## TASK INPUTS
_ _ _
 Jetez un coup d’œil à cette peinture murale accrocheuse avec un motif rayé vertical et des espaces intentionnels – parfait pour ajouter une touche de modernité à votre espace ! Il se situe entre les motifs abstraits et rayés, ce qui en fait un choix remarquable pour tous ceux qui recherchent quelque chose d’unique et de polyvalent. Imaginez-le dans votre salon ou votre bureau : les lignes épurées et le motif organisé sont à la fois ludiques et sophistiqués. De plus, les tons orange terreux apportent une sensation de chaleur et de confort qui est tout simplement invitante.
_ _ _
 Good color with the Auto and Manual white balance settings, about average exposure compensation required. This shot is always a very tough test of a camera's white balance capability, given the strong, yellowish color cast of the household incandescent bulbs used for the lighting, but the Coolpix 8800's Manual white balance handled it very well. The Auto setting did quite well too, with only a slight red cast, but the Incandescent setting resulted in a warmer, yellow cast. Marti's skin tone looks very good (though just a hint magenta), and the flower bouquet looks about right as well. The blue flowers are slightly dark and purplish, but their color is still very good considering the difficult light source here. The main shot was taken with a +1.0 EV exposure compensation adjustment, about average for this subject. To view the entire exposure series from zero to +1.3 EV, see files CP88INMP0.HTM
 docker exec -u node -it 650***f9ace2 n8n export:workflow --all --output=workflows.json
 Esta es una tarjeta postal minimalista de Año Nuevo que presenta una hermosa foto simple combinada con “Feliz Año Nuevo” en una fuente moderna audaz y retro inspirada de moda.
_ _ _
From the entries above, print the lines beginning at the one with "docker exec -u" and stopping after the one with "Esta es una", exactly as written and with nothing else.

 docker exec -u node -it 650***f9ace2 n8n export:workflow --all --output=workflows.json
 Esta es una tarjeta postal minimalista de Año Nuevo que presenta una hermosa foto simple combinada con “Feliz Año Nuevo” en una fuente moderna audaz y retro inspirada de moda.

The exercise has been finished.